Work task
From the line that contains "岩の縁まで行くには度胸が要る。 怖いので屈んで両手をつきながら縁の近くへ進む。 |" down to the final line of the listing below, set down every line exactly, both ends included, and drop the pictures.
· · ·
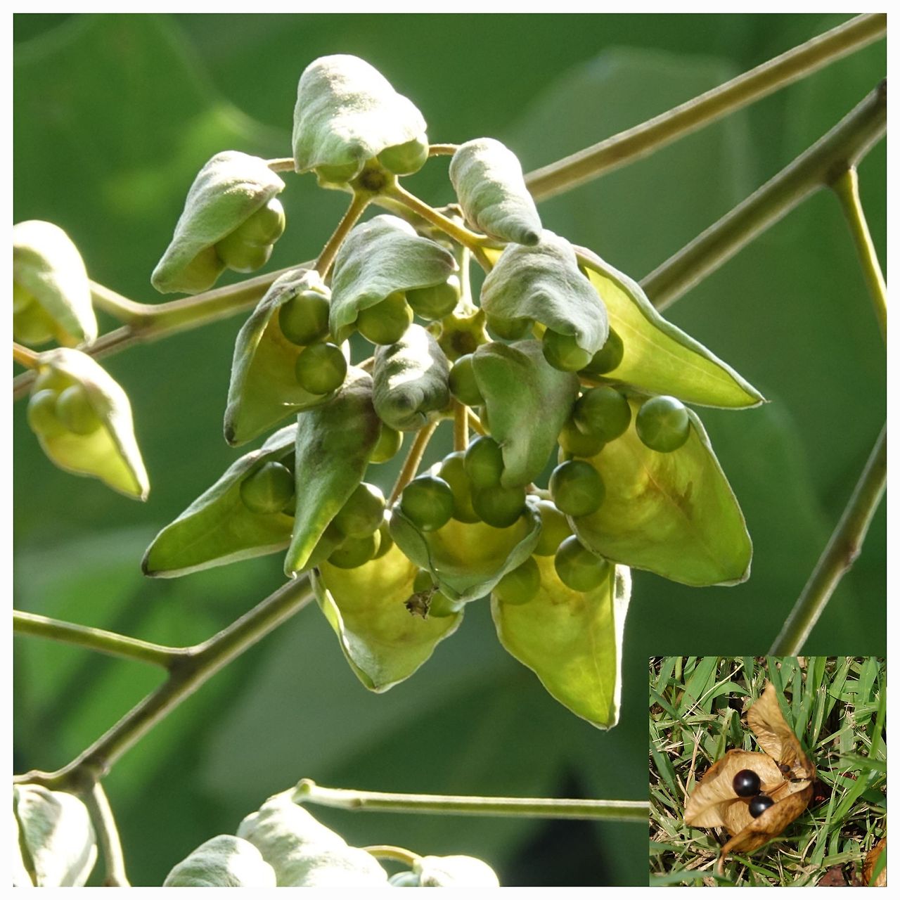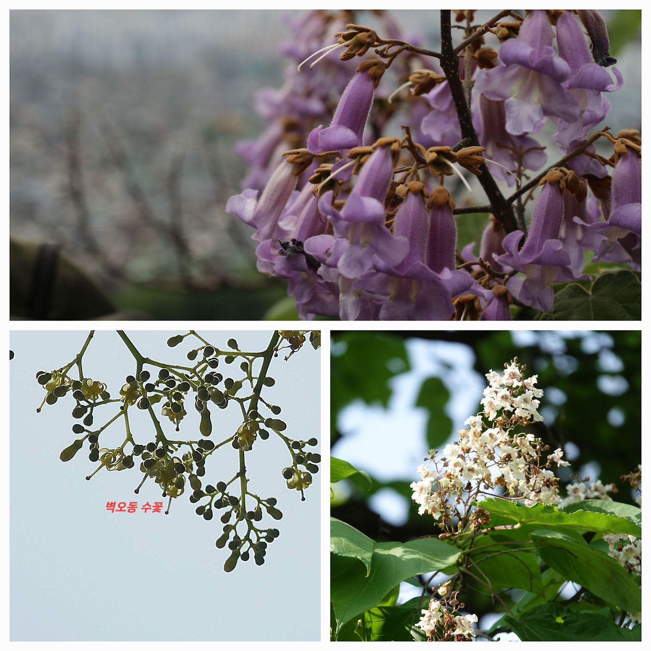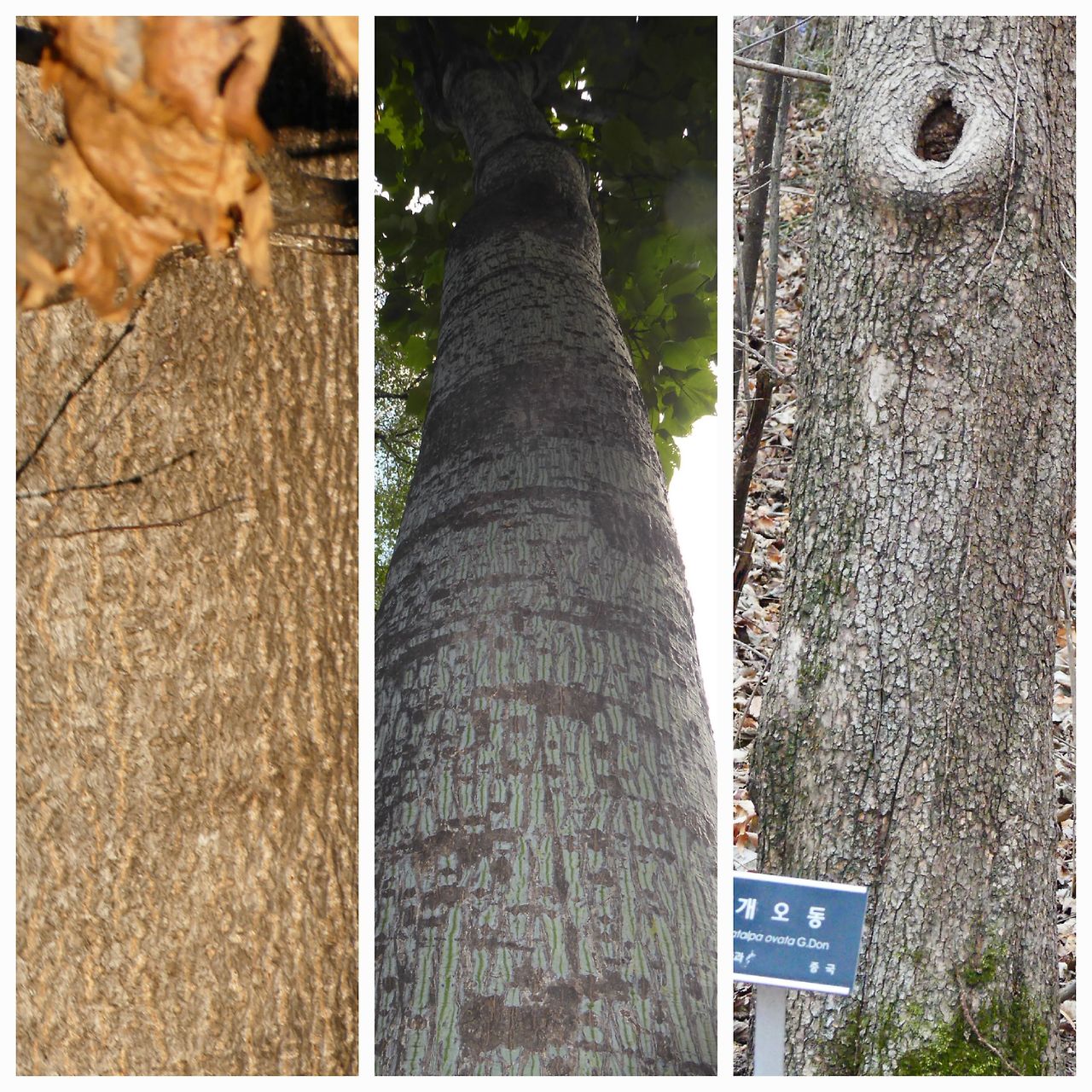 꼬투리가 익기 전에 벌어진 벽오동과 익은 후 벌어지는 모감주나무 꼬투리 비교(좌), 좌로부터 오동나무, 푸른색의 벽오동, 개오동의 수피(중), 시계방향 오동, 개오동,벽오동(우)
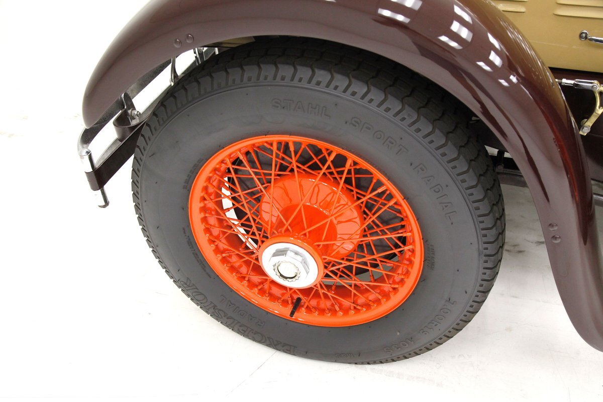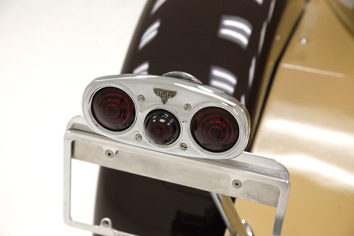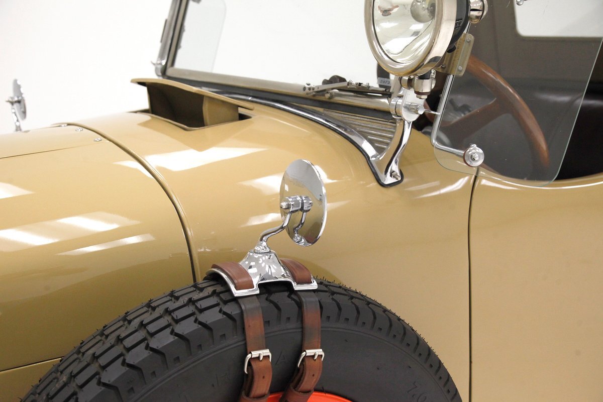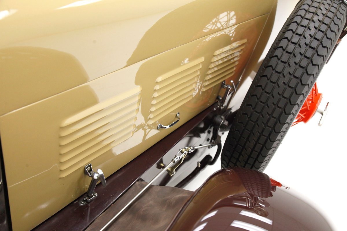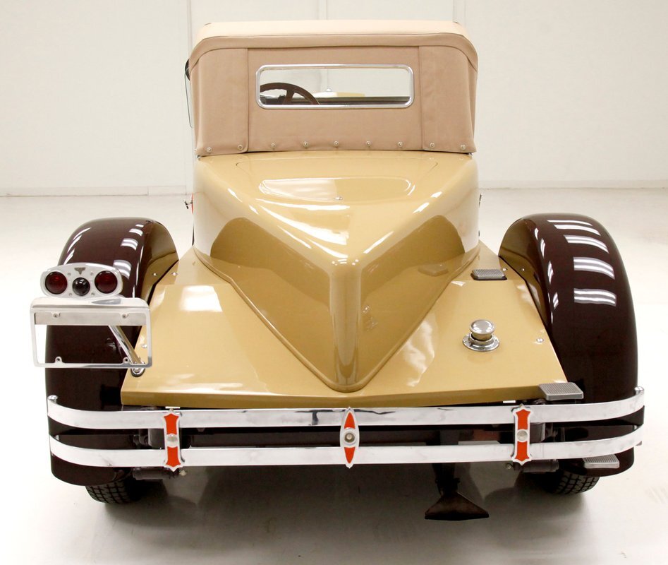 Formally known and referred to as the Blackhawk speedster, this beautiful 2 door coupe convertible is bathed in a light coffee, (tan), steel body and dark coffee, (brown), fenders and the lack of a running board for weight saving. The rockers are wide and also present in dark coffee. Upfront a chromed grille covering wraps the radiator behind and sports the "Ra" Sun god hood ornament/radiator cap. Big round headlights along with smaller high beam running lights just below appear to float in front of the grille and just above the dual flat bar chromed bumper below. A long cowled hood runs to the driver and passenger compartment which has a tan canvas convertible top protecting the seats from the elements. On the rectangular angled rearward front windshield surround is a searchlight, and on either side of the firewall cowl are chromed rear view mirrors. Also attached to the hood cowling is a red painted steel wire spare tire and wheel which is on both sides, and these are belted on to this car. Under the doors is a step to aid in getting what was considered at the time a low slung car! On back is the iconic boattail trunk which has panels on either side that curve downward and help support the boat tail as well as the dark coffee rear rounded fenders. This boattail contains a single seat, but the view is obscured by the trunk lid which opens up from rear to front, so this passenger is not provided with a room with a view. Another dual flat chromed bar bumper is on back and a single flared tip exhaust pipe is peeking out from underneath this bumper. For the wire wheels which are on all 4 corners and painted in a beautiful blazing red are 19-inch steel wires and rims are wrapped on thin treaded tires. Overall paint is still shiny and does show some chips mostly at the seams. This car was completed on its restoration journey in 2011 which is when the painting happened.
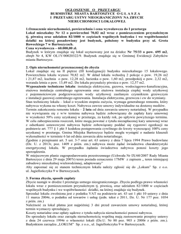 OGŁOSZENIE O PRZETARGU BURMISTRZ MIASTA BARTOSZYCE O G Ł A S Z A I PRZETARG USTNY NIEOGRANICZONY NA ZBYCIE NIERUCHOMOSCI LOKALOWEJ. 1.Oznaczenie nieruchomości, powierzchnia i cena wywoławcza do I przetargu Lokal mieszkalny Nr 12 o powierzchni 70,82 m2 wraz z pomieszczeniem przynależnym tj. piwnicą oraz udziałem 82/1000 w częściach wspólnych budynku i we współwłasności działki na której posadowiony jest budynek, położony w budynku przy ul. Grota Roweckiego 7 w Bartoszycach. Cena wywoławcza – 60.000,00 zł. Budynek w którym znajduje się lokal usytuowany jest na działce Nr 75/33 o pow. 695 m2, obręb Nr 4, KW OL1Y/00020322/9. Budynek znajduje się w Gminnej Ewidencji Zabytków miasta Bartoszyce. 2. Opis nieruchomości przeznaczonej do zbycia Lokal znajduje się na II piętrze (III kondygnacji) budynku mieszkalnego 15 lokalowego. Powierzchnia lokalu wynosi 70,82 m2. W skład lokalu wchodzą 2 pokoje o pow. 19,26 m2 i 21,87 m2, kuchnia o pow. 12,28 m2, łazienka o pow. 1,60 m2, przedpokój o pow. 2,32 m2, weranda letnia o pow. 13,49 m2. Do lokalu przynależy piwnica o pow. 12,57 m2. Wyposażenie techniczne lokalu: instalacja elektryczna, gazowa, wodociągowo-kanalizacyjna, etażowa instalacja centralnego ogrzewania oraz etażowa instalacja ciepłej wody użytkowej z pojemnościowym podgrzewaczem wody użytkowej zasilanym czynnikiem grzewczym z instalacji gazowej centralnego ogrzewania. Instalacja elektryczna, grzewcza i cw do wymiany. Stan techniczny lokalu – lokal o wysokim stopniu zużycia, wymaga generalnego remontu, który nabywca wykona na własny koszt. Nabywca zawrze umowy indywidualne na dostawę mediów. Termin zakończenia remontu lokalu – 2 lata od dnia zawarcia umowy notarialnej. W przypadku nie wywiązania się z w/w terminu nabywca będzie zobowiązany do zapłaty kary umownej w wysokości 50% ceny uzyskanej w przetargu, za każdy rok, po upływie powyższego terminu. W celu zabezpieczenia roszczeń, które mogą powstać z tytułu niezapłaconej kary umownej wraz z odsetkami ustawowymi nabywca będzie zobowiązany poddać się rygorowi egzekucji na podstawie art. 777 § 1 pkt 5 kodeksu postępowania cywilnego do kwoty wynoszącej 100% ceny uzyskanej w przetargu. Gmina Miejska Bartoszyce będzie mogła wystąpić o nadanie klauzuli wykonalności w terminie 6 lat od dnia zawarcia aktu notarialnego. Zgodnie z przepisami art. 5 ust. 3-7 oraz art. 63 ustawy z dnia 7 lipca 1994 Prawo budowlane (Dz. U. z 2013r, poz. 1409 z późn. zm.) nabywca może żądać świadectwa charakterystyki energetycznej lokalu. W przypadku żądania świadectwa nabywca ponosi koszty jego sporządzenia. W miejscowym planie zagospodarowania przestrzennego (Uchwała Nr IX/60/2007 Rady Miasta Bartoszyce z dnia 29 maja 2007r) teren posiada oznaczenie 17MW z zapisem ,, teren istniejącej zabudowy mieszkalnej wielorodzinnej, adaptowany” Aby zapoznać się ze stanem technicznym lokalu należy zgłosić się do „Lokum” Sp. z o.o. ul. Jagiellończyka 9 w Bartoszycach. 3. Forma zbycia, sposób zapłaty Zbycie nastąpi w drodze I przetargu ustnego nieograniczonego. Zbyciu podlega prawo własności lokalu wraz z pomieszczeniem przynależnym tj. piwnicą, oraz udziałem 82/1000 w częściach wspólnych budynku i we współwłasności działki, na której znajduje się budynek. Sprzedaż lokalu zwolniona jest z podatku VAT na podstawie art. 43 ust 1 pkt 10 ustawy z dnia 11 marca 2004r, o podatku od towarów i usług (jedn. tekst z 2011, Dz. U. Nr 177 poz. 1054 z późn. zm.) Należność za lokal płatna jest najpóźniej 3 dni przed zawarciem umowy notarialnej, której termin wyznaczy sprzedający. Koszty notarialne oraz opłaty sądowe z tytułu nabycia nieruchomości ponosi nabywca. Do sprzedaży lokalu oraz zarządu nieruchomością wspólną mają zastosowanie przepisy ustawy z dnia 24 czerwca 1994r o własności lokali (Dz.U. Nr 80 poz. 903 z 2000r z późn. zm.). Budynkiem zarządza „LOKUM” Sp. z o.o., ul. Jagiellończyka 9 w Bartoszycach. 4. Informacje dodatkowe Przetarg odbędzie się dnia 22 stycznia 2015r o godz. 900 w pok. Nr 9 Urzędu Miasta (Urząd Stanu Cywilnego).Osoby przystępujące do przetargu winny wpłacić wadium w pieniądzu w wys.10.000,- zł do dnia 16 stycznia 2015r na konto Urzędu Miasta Bank Millennium S.A. O/Bartoszyce Nr 70 1160 2202 00000000 6190 9697. Za termin wniesienia wadium uważa się dzień jego wpływu na w/w rachunek. Wadium wpłacone przez uczestnika, który przetarg wygrał, zalicza się na poczet ceny nabycia. Jeżeli osoba ustalona jako nabywca nieruchomości nie przystąpi bez usprawiedliwienia do zawarcia umowy w miejscu i terminie wyznaczonym przez sprzedającego, organizator przetargu może odstąpić od zawarcia umowy, a wpłacone wadium nie podlega zwrotowi. Przed otwarciem przetargu należy okazać komisji przetargowej dowód wpłaty wadium, dowód tożsamości osoby obecnej na przetargu, aktualny dokument potwierdzający prowadzenie działalności gospodarczej lub aktualny odpis z właściwego rejestru, stosowne pełnomocnictwa. W przypadku nabycia nieruchomości do majątku objętego wspólnością ustawową (małżeństwo) konieczna jest obecność na przetargu obojga małżonków W przypadku nieobecności na przetargu jednego z małżonków konieczne jest przedłożenie dokumentów określonych w Regulaminie Przetargu. Nikt nie skorzystał z prawa pierwszeństwa w nabyciu nieruchomości przysługującego na podstawie art. 34 ustawy z dnia 21 sierpnia 1997r o gospodarce nieruchomościami (jedn. tekst Dz.U. z 2014r poz. 518 z późn. zm) Nieruchomość objęta przetargiem nie posiada obciążeń ani nie jest przedmiotem zobowiązań. Zastrzega się prawo odwołania przetargu z uzasadnionej przyczyny. Osoby przystępujące do przetargu winny zapoznać się z Regulaminem Przetargu. Szczegółowe informacje na temat przetargu oraz Regulamin Przetargu można uzyskać w Wydziale Gospodarowania Mieniem i Planowania Przestrzennego Urz
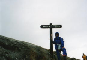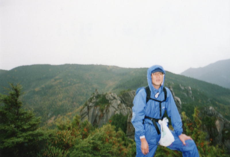 岩の縁まで行くには度胸が要る。 怖いので屈んで両手をつきながら縁の近くへ進む。 |
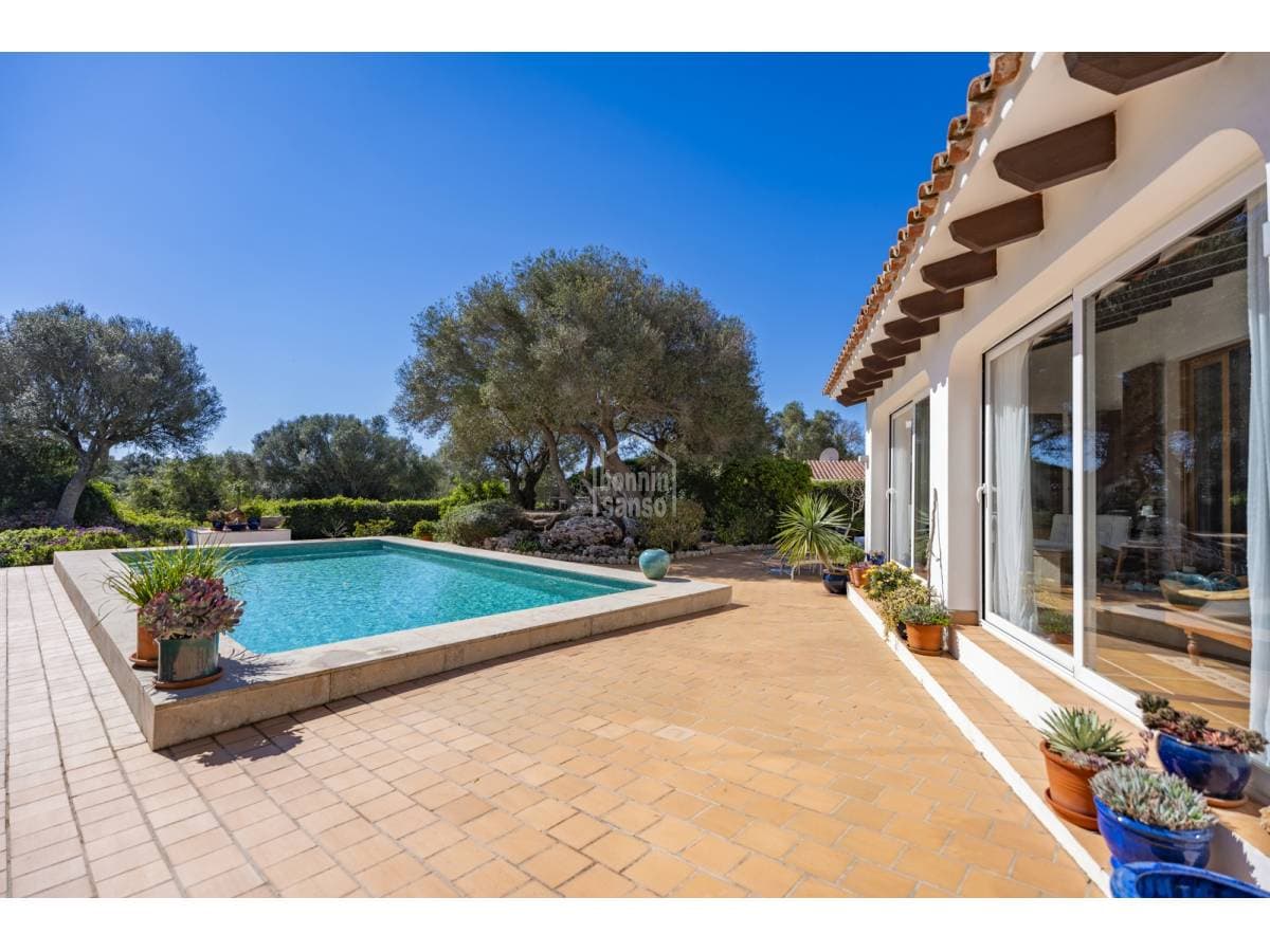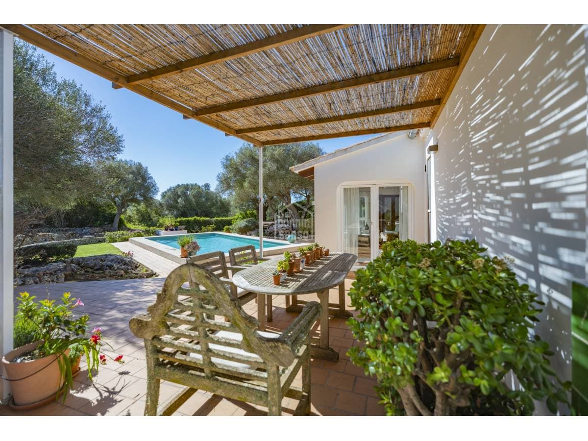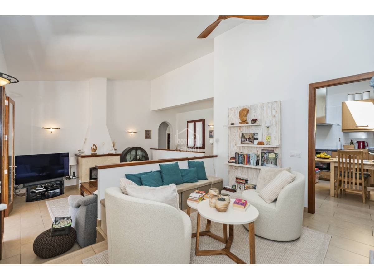 Set in a tranquil and well-established residential area in Binixica, this elegant single-level residence enjoys a privileged south-east orientation, allowing for abundant natural light throughout the day. Offering privacy and a calm atmosphere, the property has been carefully designed both as a holiday home and as a comfortable, efficient residence for year-round living. The accommodation comprises four well-proportioned bedrooms and two bathrooms, arranged within a balanced and practical layout. The generous kitchen is well suited to everyday use, while the integrated garage adds convenience. A split-level living and dining area creates distinct yet connected spaces, enhancing both character and a sense of openness. This is complemented by a second living area set within a covered terrace, a versatile space suitable for use throughout the year. The exterior areas are a key feature of the property. The landscaped garden, well maintained, includes mature Mediterranean planting and attractive century-old olive trees, providing natural shade and a pleasant setting. Open views further enhance the sense of space and tranquillity, creating an ideal environment for those seeking privacy and a connection with nature. With an Energy Performance Rating of A, the property offers efficiency, thermal comfort and sustainability, making it an excellent option as a permanent residence.
· · ·
Solved problem
 岩の縁まで行くには度胸が要る。 怖いので屈んで両手をつきながら縁の近くへ進む。 |
 Set in a tranquil and well-established residential area in Binixica, this elegant single-level residence enjoys a privileged south-east orientation, allowing for abundant natural light throughout the day. Offering privacy and a calm atmosphere, the property has been carefully designed both as a holiday home and as a comfortable, efficient residence for year-round living. The accommodation comprises four well-proportioned bedrooms and two bathrooms, arranged within a balanced and practical layout. The generous kitchen is well suited to everyday use, while the integrated garage adds convenience. A split-level living and dining area creates distinct yet connected spaces, enhancing both character and a sense of openness. This is complemented by a second living area set within a covered terrace, a versatile space suitable for use throughout the year. The exterior areas are a key feature of the property. The landscaped garden, well maintained, includes mature Mediterranean planting and attractive century-old olive trees, providing natural shade and a pleasant setting. Open views further enhance the sense of space and tranquillity, creating an ideal environment for those seeking privacy and a connection with nature. With an Energy Performance Rating of A, the property offers efficiency, thermal comfort and sustainability, making it an excellent option as a permanent residence.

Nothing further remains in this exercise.